Niemcy podpisały w środę umowę z USA na zakup kilkudziesięciu wyprodukowanych przez Lockheed Martin myśliwców F-35, które są zdolne do przenoszenia głowic nuklearnych, które Stany Zjednoczone trzymają w Niemczech.
W Niemczech jest przechowywanych około 20 amerykańskich bomb jądrowych B-61 w ramach programu współdzielenia broni jądrowej NATO. Chociaż Niemcy nie mają własnej broni jądrowej, utrzymują flotę starzejących się bombowców Tornado zdolnych do ich zrzucenia, które zastąpią F-35.
„Niemiecki program F-35 zapewni kontynuację niemieckich zobowiązań sojuszniczych i zagwarantuje wiarygodne odstraszanie NATO w przyszłości ” – czytamy w oświadczeniu ambasady USA w Berlinie.

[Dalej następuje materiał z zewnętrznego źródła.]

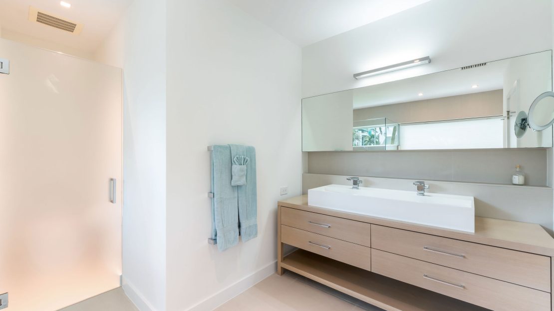 The primary suite is a true retreat, featuring direct terrace access, a spa-inspired bathroom with captivating sea views, and a generous walk-in closet. Two additional en suite bedrooms, each with private outdoor space, complete the home and further elevate the sense of flow between indoors and out.
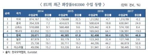 5일 한국무역협회 브뤼셀 지부가 발표한 '유럽 K뷰티 붐과 마케팅 전략' 보고서에 따르면 지난해 우리나라는 일본을 제치고 유럽의 5대 화장품 수입국에 올라섰다.
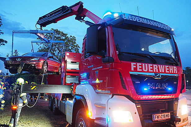 Der PKW wurde von der Feuerwehr Biedermannsdorf mit dem Kranfahrzeug aus dem schlammigen Erdreich geborgen.
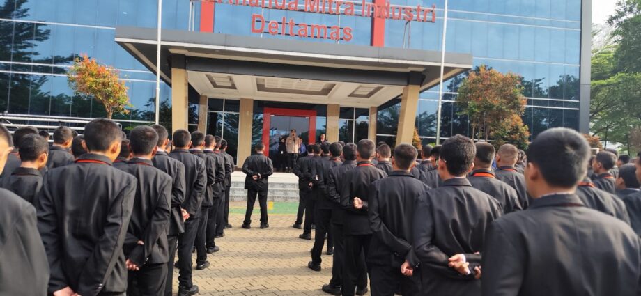 Kapolsek Cikarang Pusat, AKP Elia Umboh, SH, MH, memberikan arahan kepada siswa-siswi SMK Ananda Mitra Industri Deltamas tentang pentingnya memiliki integritas, dedikasi, dan loyalitas.
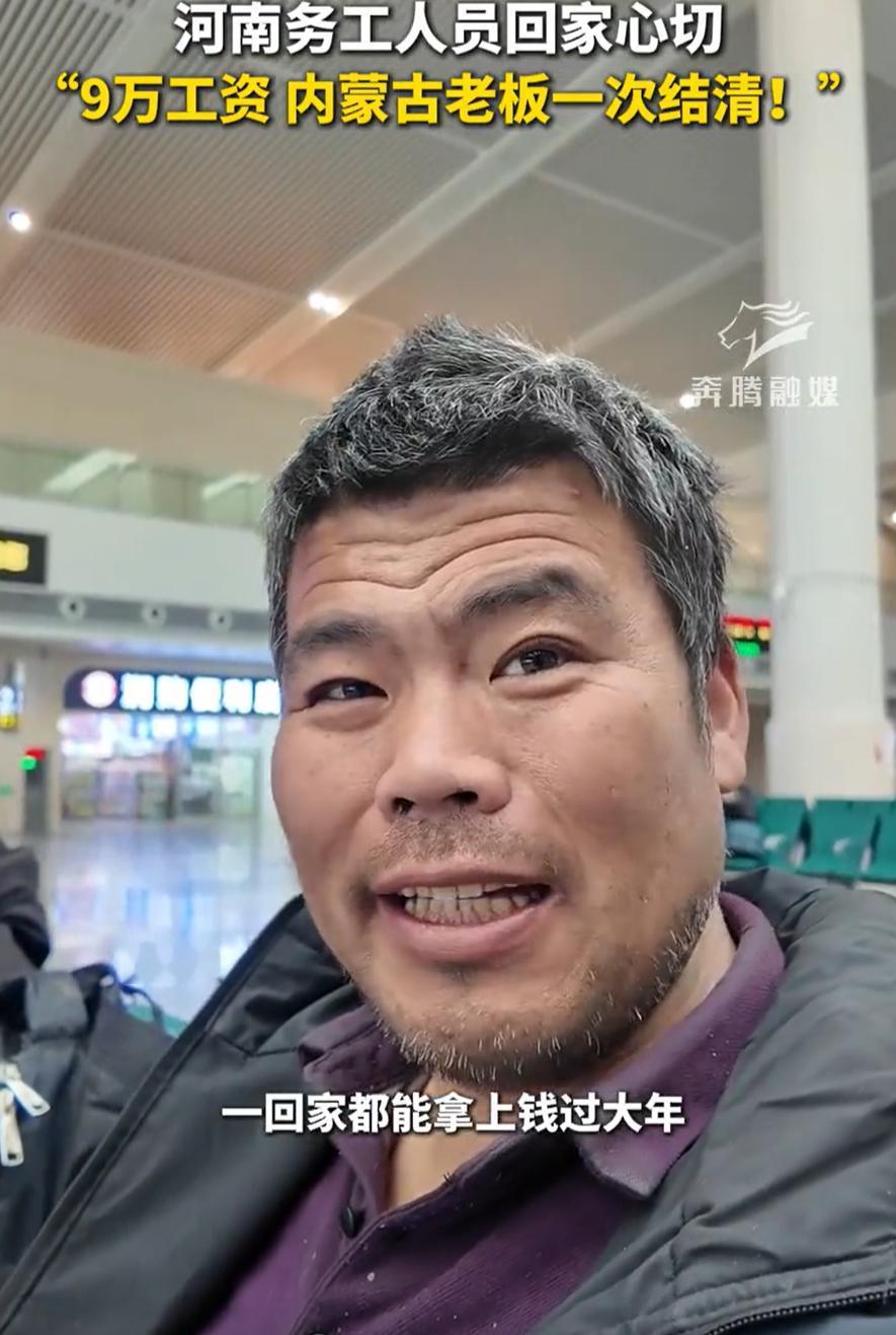 春运第一天,记者在火车站看到一名准备坐车回家过年的务工人员,结果万万没想到,大哥接受采访时两句话,竟然把自己的内蒙古老板给带火了,一句90000元工资一次性结清,让不少人看的羡慕不已 能看出来这位大哥心情不错,本来买的是第二天的车票,但实在是等不及了,改签到前一天准备回河南老家过年 他说,自己是在工地上干活的,而自己之所以能开开心心的回家过年,还要归功于他们的内蒙老板,年底把工资一次性结清了,今年一年拿了90000块,这次回家能好好过个大年了 网上有人看到这段,感叹说现在能按时结清工钱的老板,真的难得。不拖不欠,到年底让工人带着钱回家,这份实在,比什么承诺都强 确实如此,就凭工资结清这一件事,就能看出是个靠谱的人。工地干活不容易,风吹日晒,出力流汗,最后盼的就是顺利拿到工钱回家。老板能做到这一步,工人心里暖和,干起活来也踏实 其实老百姓的要求真不高,干活拿钱,天经地义。但就这么一件理所应当的事,有时候却成了盼头。大哥能笑着回家,是因为老板守住了这份基本的承诺 咱们身边总有这样的小事,不大,却暖人。一个老板按时发工资,一个工人踏实干活,最后大家都能好好过年。这种简单的良性循环,其实正是最扎实的温暖 日子不就是这么过的么?你对我好,我对你好,大家都守本分,社会就多了份人情味。那位内蒙老板未必想到自己会被这么多人称赞,他只是做了该做的事,但恰恰是这份本分,让人觉得可贵

Niemcy ogłosiły zamiar zakupu F-35 w marcu w ramach planu zwiększenia wydatków wojskowych. Niemcy kupią 35 myśliwców w ramach umowy o wartości około 10,5 miliarda dolarów, a dostawy mają nastąpić między 2026 a 2029 rokiem. F-35 mają zastąpić Tornado w misji współdzielenia broni jądrowej w 2030 roku.
W ramach programu współdzielenia broni jądrowej NATO Stany Zjednoczone utrzymują głowice jądrowe w Niemczech, Belgii, Włoszech, Holandii i Turcji.
Obecnie nie ma znanej broni jądrowej w krajach, które przystąpiły do NATO po rozpadzie Związku Radzieckiego, ale Polska jest otwarta na ich przyjęci i prowadziła rozmowy z USA w tej sprawie.
„Zawsze istnieje potencjalna możliwość udziału w programie udostępniania broni jądrowej” – powiedział Gazecie Polskiej prezydent Andrzej Duda . „Rozmawialiśmy z amerykańskimi przywódcami o tym, czy Stany Zjednoczone rozważają taką możliwość. Kwestia jest otwarta ”.
Fińscy przywódcy powiedzieli, że nie wykluczą przyjęcia broni jądrowej NATO, jeśli dołączą do sojuszu, co byłoby poważną prowokacją, ponieważ Finlandia ma ponad 800-milową granicę z Rosją.
Ale od tamtej pory prezydent Finlandii zapewnił, że kraj ten nie planuje gościć broni nuklearnej i że „nie ma żadnych oznak”, że NATO będzie chciało je tam rozmieścić.